## [What is expected]
Leave out the images and set down the records below exactly.

Data listing START

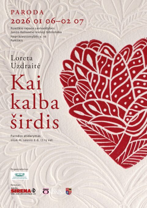01.06-02.07 – Loretos Uzdraitės paroda „Kai kalba širdis“, Rokiškio rajono savivaldybės Juozo Keliuočio viešojoje bibliotekoje. Parodų galerijoje „Autografas“.
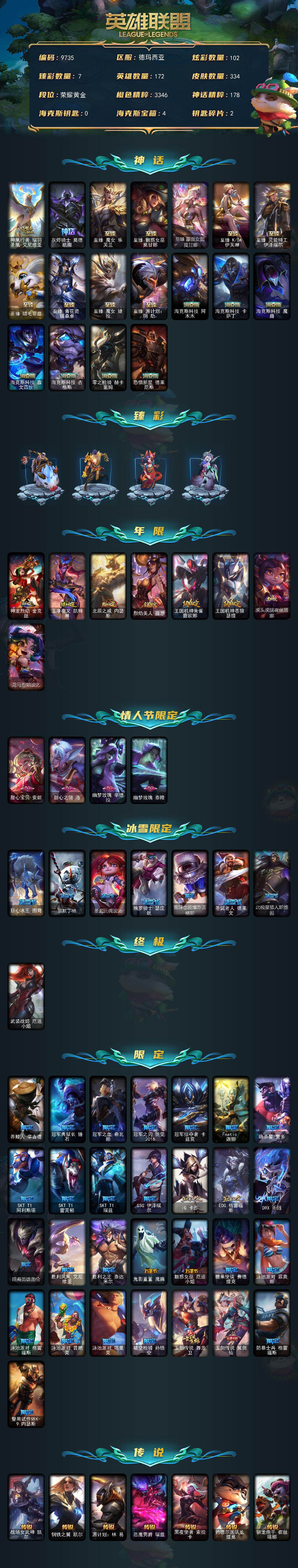 黄金段位-172英雄-334皮肤-102炫彩-1终极-18神话-48限定-42传说-53史诗
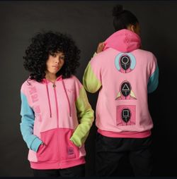 New size medium Cakeworthy Netflix's Squid Game color block hoodie featuring the guard symbols! $60Chula Vista, CA
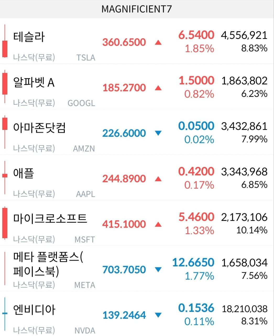 - 특히 M7 종목 중 테슬라(+1.82%)와 엔비디아(-0.12%)의 수급에 큰 영향을 주기에 관련 종목 변동성 확대는 지속.
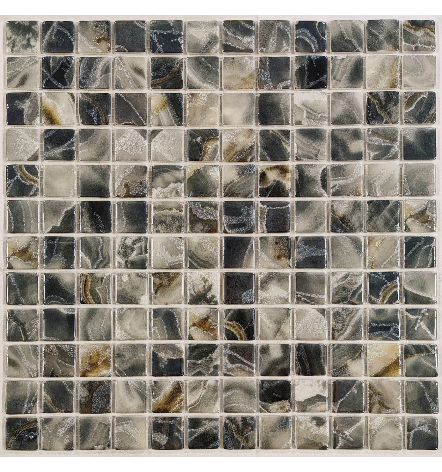 Испанская стеклянная мозаика с глянцевой поверхностью под натуральный мрамор (камень). Подходит как для оформления интерьеров, так и для облицовки бассейнов и влажных зон.
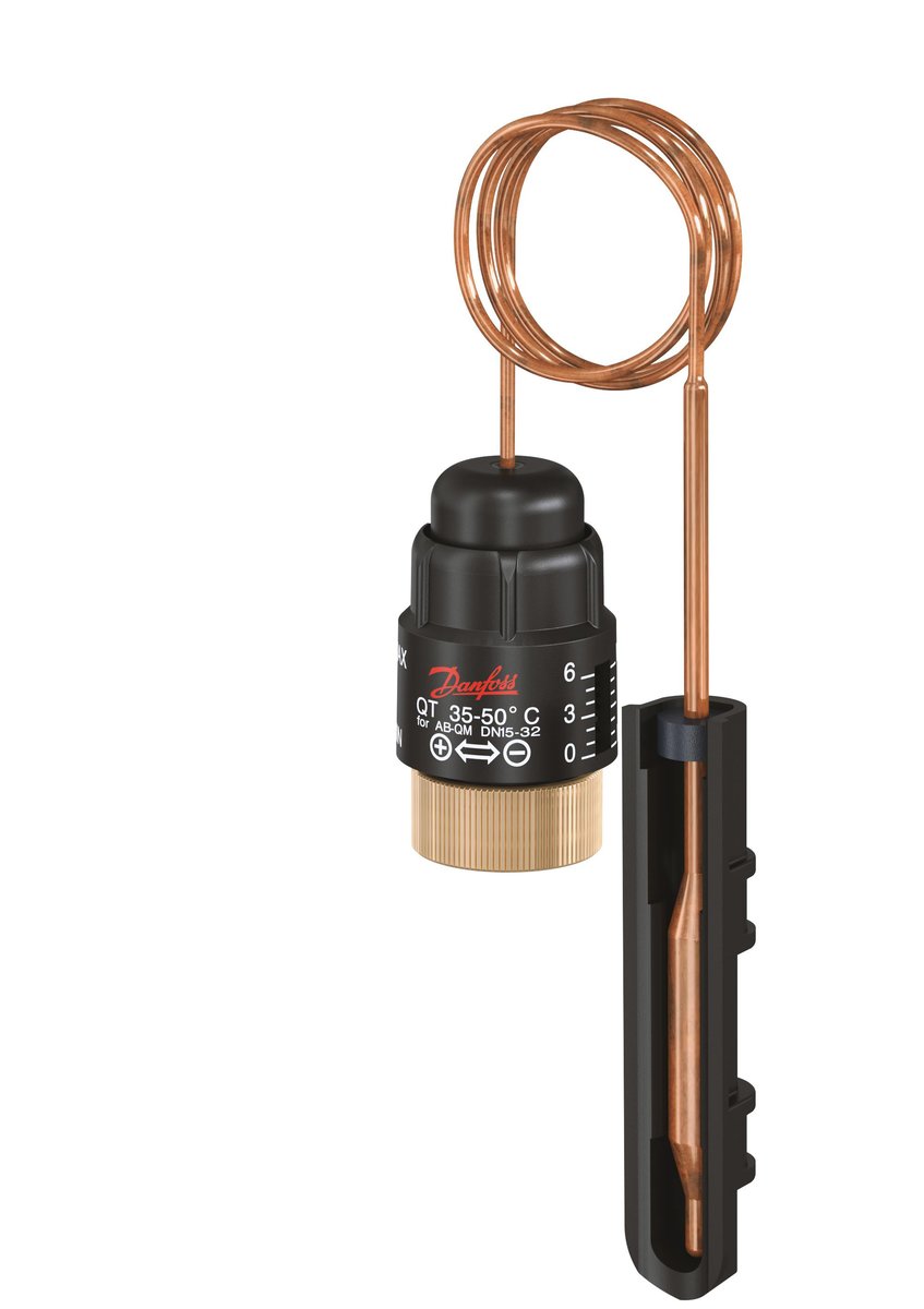 Danfoss QT er en termostatstyret aktuator til returtemperaturregulering i 1-strengs varmeanlæg. Bruges med AB-QM 4.0 ventilen for en komplet løsning.

Data listing END

## [Task output]
01.06-02.07 – Loretos Uzdraitės paroda „Kai kalba širdis“, Rokiškio rajono savivaldybės Juozo Keliuočio viešojoje bibliotekoje. Parodų galerijoje „Autografas“.
 黄金段位-172英雄-334皮肤-102炫彩-1终极-18神话-48限定-42传说-53史诗
 New size medium Cakeworthy Netflix's Squid Game color block hoodie featuring the guard symbols! $60Chula Vista, CA
 - 특히 M7 종목 중 테슬라(+1.82%)와 엔비디아(-0.12%)의 수급에 큰 영향을 주기에 관련 종목 변동성 확대는 지속.
 Испанская стеклянная мозаика с глянцевой поверхностью под натуральный мрамор (камень). Подходит как для оформления интерьеров, так и для облицовки бассейнов и влажных зон.
 Danfoss QT er en termostatstyret aktuator til returtemperaturregulering i 1-strengs varmeanlæg. Bruges med AB-QM 4.0 ventilen for en komplet løsning.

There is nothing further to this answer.